Angesicht dieser Herausforderungen wird deutlich: Jordanien ist bei der Aufnahme und Versorgung der vielen Geflüchteten aus Syrien auf internationale Hilfe angewiesen. Der Bedarf ist enorm. So beläuft sich allein der Jordan Response Plan für die Jahre 2018-2020 auf 5,9 Milliarden Euro – und es ist keinesfalls klar, dass dieser Betrag auch zur Verfügung stehen wird.
Es wird aber auch tatsächlich geholfen, nicht zuletzt von Deutschland. Die Bundesrepublik leistet nach den USA die größte Unterstützung in der bilateralen Entwicklungszusammenarbeit und in Bezug auf den Jordan Response Plan ist sie sogar der größte staatliche Unterstützer.
Dass Jordanien international unterstützt wird, ist nicht zuletzt seiner besonderen Bedeutung für die Stabilität in der Region geschuldet. In einer an Konflikten reichen Nachbarschaft ist Jordanien ein Ruhepol, auch deswegen haben seit Jahrzehnten immer wieder Flüchtende, etwa aus Palästina oder dem Irak, dort Schutz gesucht. Ohne eine effektive internationale Zusammenarbeit mit Jordanien und ohne humanitäre Hilfe für die dort lebenden Syrer_innen wären Stabilität und Sicherheit kaum zu gewährleisten.

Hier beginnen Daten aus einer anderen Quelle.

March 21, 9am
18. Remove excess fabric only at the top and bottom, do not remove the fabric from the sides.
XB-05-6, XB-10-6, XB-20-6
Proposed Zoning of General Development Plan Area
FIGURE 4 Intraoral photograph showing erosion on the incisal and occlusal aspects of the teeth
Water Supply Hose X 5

Trotz der schwierigen Situation und einiger Vorbehalte seitens der jordanischen Bevölkerung kommt es kaum zu nennenswerten Übergriffen oder Anfeindungen gegen Syrer_innen. Im Gegenteil: Die Hilfsbereitschaft und Solidarität der Jordanier_innen ist groß. Damit das so bleibt, achtet die jordanische Regierung darauf, dass etwa ein Drittel der eintreffenden internationalen humanitären Hilfe an bedürftige Jordanier_innen geht. So versucht sie zu gewährleisten, dass nicht die Schwächsten in der Gesellschaft gegeneinander ausgespielt werden.

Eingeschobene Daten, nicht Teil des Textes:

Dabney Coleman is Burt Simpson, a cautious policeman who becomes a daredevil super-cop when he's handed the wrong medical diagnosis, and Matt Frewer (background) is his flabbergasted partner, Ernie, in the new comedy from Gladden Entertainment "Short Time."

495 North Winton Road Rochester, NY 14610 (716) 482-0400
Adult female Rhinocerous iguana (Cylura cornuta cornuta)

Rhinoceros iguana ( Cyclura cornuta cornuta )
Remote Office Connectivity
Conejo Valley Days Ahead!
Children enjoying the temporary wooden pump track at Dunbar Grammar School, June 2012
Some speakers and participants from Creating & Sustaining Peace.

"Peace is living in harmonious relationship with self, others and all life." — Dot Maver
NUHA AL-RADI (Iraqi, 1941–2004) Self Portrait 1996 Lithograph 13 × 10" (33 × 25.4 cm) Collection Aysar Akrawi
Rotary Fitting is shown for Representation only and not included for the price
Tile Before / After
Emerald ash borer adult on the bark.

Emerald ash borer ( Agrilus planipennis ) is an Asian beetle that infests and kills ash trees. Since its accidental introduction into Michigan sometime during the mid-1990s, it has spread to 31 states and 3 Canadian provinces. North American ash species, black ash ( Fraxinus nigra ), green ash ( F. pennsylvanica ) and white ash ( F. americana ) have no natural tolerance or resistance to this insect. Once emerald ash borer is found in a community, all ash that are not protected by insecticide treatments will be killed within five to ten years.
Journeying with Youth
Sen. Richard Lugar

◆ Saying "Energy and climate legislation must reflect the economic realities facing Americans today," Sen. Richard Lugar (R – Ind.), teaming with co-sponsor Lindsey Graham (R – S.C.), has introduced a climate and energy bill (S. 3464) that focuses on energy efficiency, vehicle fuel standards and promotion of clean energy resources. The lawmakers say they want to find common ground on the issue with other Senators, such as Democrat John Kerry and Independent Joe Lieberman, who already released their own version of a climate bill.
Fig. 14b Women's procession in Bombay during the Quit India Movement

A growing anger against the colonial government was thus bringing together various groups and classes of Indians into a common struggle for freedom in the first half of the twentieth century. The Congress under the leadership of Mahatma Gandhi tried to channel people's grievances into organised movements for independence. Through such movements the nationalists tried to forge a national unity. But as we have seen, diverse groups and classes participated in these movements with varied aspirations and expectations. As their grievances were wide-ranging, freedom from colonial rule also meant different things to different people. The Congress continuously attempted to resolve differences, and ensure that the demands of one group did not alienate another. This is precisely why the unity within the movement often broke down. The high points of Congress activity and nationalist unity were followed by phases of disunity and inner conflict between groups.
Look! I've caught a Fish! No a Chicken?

*Im November 2017 lud die FES fünf Landespolitiker_innen, die sich in ihrer Arbeit mit Integration beschäftigen, zu einer Reise nach Jordanien ein. Sie trafen Vertreter_innen aus Regierung, Zivilgesellschaft und internationalen Hilfsorganisationen sowie die deutsche Botschafterin und sprachen mit Geflüchteten über ihre Lebensverhältnisse. Somit konnten sie sich ein eigenes Bild von der Situation in Jordanien machen und in Austausch treten mit dem Ziel, ihre Erkenntnisse zukünftig für die eigene politische Arbeit zu nutzen.